Utilisation modifier

Une préemption résulte soit de la loi, soit d'un contrat entre les intéressés. Par exemple, en droit des affaires, les statuts d'une société peuvent prévoir un droit de préemption sur les parts sociales ou actions de l'entreprise au profit des associés ou des actionnaires, afin d'éviter qu'une personne non agréée puisse acheter une partie du capital social.

En France, quand un droit de préemption existe, le propriétaire doit notifier, préalablement à la vente, son projet de vente au titulaire du droit de préemption.

Le titulaire du droit de préemption a généralement un à deux mois pour faire connaitre sa réponse. À défaut de réponse dans ce délai, il est réputé avoir renoncé à son droit de préemption et le propriétaire peut alors vendre son bien librement, mais aux mêmes conditions.

Si le bénéficiaire décide de préempter, il le fait aux conditions financières demandées par le vendeur. Toutefois, certains droits de préemption publics permettent au bénéficiaire d'offrir un prix inférieur à celui demandé par le vendeur (prix des domaines par exemple). En cas de désaccord persistant, le « juste prix » est alors déterminé par une autorité impartiale. En France, il s'agit du juge de l'expropriation.


Expropriation et préemption modifier

La différence fondamentale entre un droit de préemption et une expropriation est que,

  • dans le premier cas, le propriétaire prend l'initiative de vendre (mais le bénéficiaire du droit de préemption se substitue à l'acheteur)
  • alors que dans le cas d'une expropriation, le propriétaire n'est pas vendeur, et sa dépossession est effectuée d'autorité par l'expropriant.

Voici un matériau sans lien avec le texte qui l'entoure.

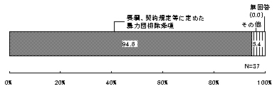 前記22で最近1年間に暴力団等の排除措置をとったことがあるとする37件について、暴力団関係企業の排除の根拠をみると、「要綱、契約規定等に定めた暴力団排除条項」が大多数(35件・94.6%)を占めている。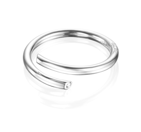 Efva Attling Hug rannekoru 13-100-01600/1700 kiertyy kuin rakkaan halaus sormesi ympärille. Koru on valmistettu sterling-hopeasta, ja sen päätä koristaa 0,01 karaatin briljanttihiottu timantti. Sormuksen paksuus on 2,5 mm. Efva Attling-korut toimitetaan valmistajan alkuperäisessä rasiassa.
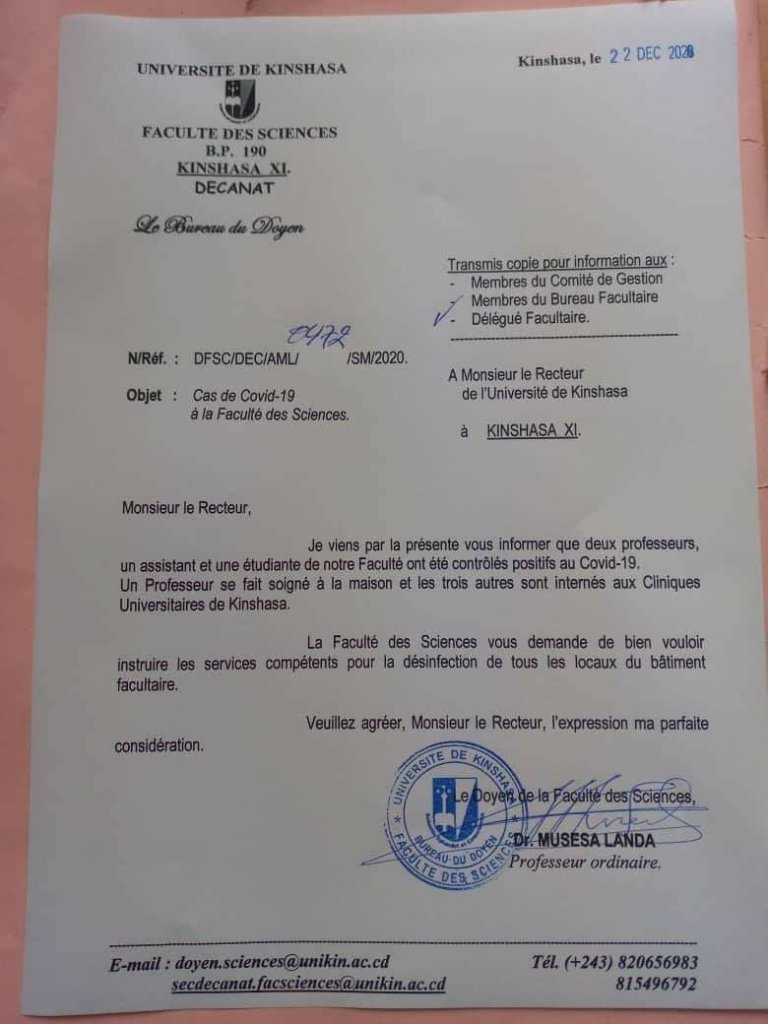 » Monsieur le recteur, je viens par la présente vous informer que deux professeurs, un assistant et une étudiante de notre Faculté ont été contrôlés positifs à la Covid-19. Un professeur se fait soigner à la maison et les trois autres sont internés aux Cliniques universitaires de Kinshasa« , peut-on lire dans le document écrit par le doyen de la Faculté des Sciences.

Également, il peut exister dans certains cas un droit de délaissement. Il s'agit de la possibilité offerte à un propriétaire d'exiger d'un organisme, généralement de droit public, d'acheter son bien. Ce droit est généralement instauré pour compenser des servitudes d'utilité publiques imposées à une propriété. Ce droit est destiné à garantir à un propriétaire la possibilité de vendre son bien dans des conditions acceptables, lorsque les contraintes qui le grèvent réduiraient sa valeur marchande, voire compromettraient la possibilité de le vendre.

Les droits de préemption publics modifier

Le Droit de préemption urbain (DPU) modifier

Une commune ou un établissement public de coopération intercommunale peut instaurer sur son territoire le droit de préemption urbain (DPU) lorsque la commune est dotée d'un PLU (Plan local d'urbanisme) ou d'un POS (Plan d'occupation des sols). La loi "Urbanisme et Habitat" de 2003[1], permet également aux communes dotées de cartes communales d'instituer un droit de préemption. Une collectivité territoriale peut être bénéficiaire et délégataire d'un droit de préemption.

Ce droit de préemption peut être « simple » ou « renforcé ».

Le droit de préemption simple permet à la commune ou à son délégataire d'être prioritaire sur l'achat d'un bien mis en vente.

Le droit de préemption dit « renforcé » permet d'étendre son application à des biens qui en étaient normalement exclus, en particulier, aux ventes de lots de copropriété anciennes et aux immeubles construits il y a moins de quatre ans.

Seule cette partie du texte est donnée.